The problem with plants that are capable of doing this is that the
process is slow and halts completely when growth stops in winter. Using
plants in this way, a process called phytoremediation, often hasn't made
sense given the timetables required by regulatory agencies at remediation
sites.

Scientists led by the University of Washington's Sharon Doty,
reporting in this week's Proceedings of the National Academy of Sciences,
say that genetically engineered poplar plants being grown in a laboratory
were able to take as much as 91 percent of trichloroethylene, the most
common groundwater contaminant at U.S. Superfund sites, out of a liquid
solution.

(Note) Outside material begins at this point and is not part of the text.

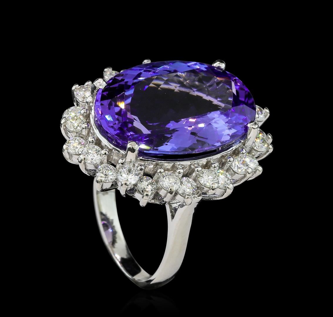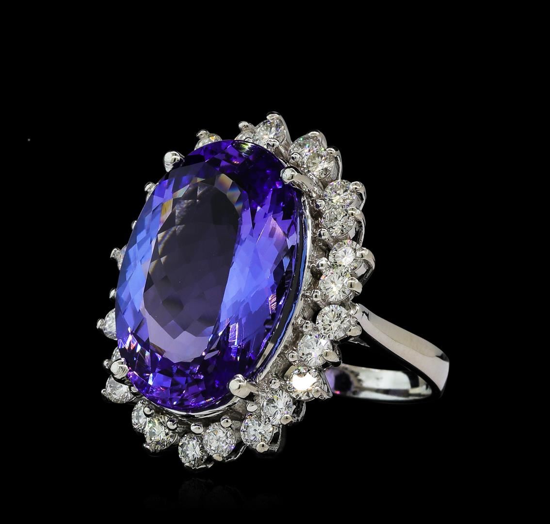 One electronically tested 14KT white gold ladies cast tanzanite and diamond ring with a bright polish finish. The featured tanzanite is set within a diamond floret supported by a ribbed under gallery, completed by a two millimeter wide band. Identified with markings of 'K14'. Condition is new, good workmanship. Containing: One prong set oval mixed cut natural tanzanite, measuring 19.80 x 13.70 x 7.80mm, approximate weight of 14.88ct., clarity is eye clean, type I, medium, very slightly grayish, bluish violet color, (GIA bV 5/3), cut is good. Transmitting light with no distortion, transparent. Colored Stone Grading Report attached. Graded in the setting. Tanzanite is a very rare gemstone that is only found in the country of Tanzania. Originally discovered in 1967. Tiffany & Company, named the stone Tanzanite. It is found in the Usumburu Mountains that border the Umba Valley of northern Tanzania. Tanzanite occurs in gray, brown, violet, blue, reddish-purple, & green. The gem is interesting because of its exceptional pleochroism. Rotated in different directions a tanzanite will exhibit multiple changes of color. Tanzanite has a low tolerance to ultrasonic cleaning, and should not be cleaned using this method. Twenty-Six prong set round brilliant cut diamonds, measuring 2.50 - 2.50 x 1.50mm (depth est.) approximate total weight of 26 Stones = 1.58ct. The color grade reflects the entire range of color for this group. Graded in the setting. Clarity SI-2 to I-2. Color: F - I. Total Weight of Colored Stones 14.88ct.. Total Weight of Diamonds 1.58ct.. Total Weight of Ring 10.05gm. AIG Appraised at $35,755.00.

Unaltered plants removed 3 percent. The poplar plants - all
cuttings just several inches tall growing in vials - also were able to break
down, or metabolize, the pollutant into harmless byproducts at rates 100
times that of the control plants.

While federal regulations allow the growing of transgenic trees in
greenhouses and controlled field trials for research purposes, they do not
allow the commercial growing of transgenic trees. A transgenic plant is one
in which its genetic material is manipulated. Sometimes only its own genetic
material is altered and sometimes genetic material is added from other
plants, bacteria or animals.

The work being published this week raises the interesting question of
the potential for using transgenic trees on sites where toxic plumes of
pollutants are on the move in groundwater.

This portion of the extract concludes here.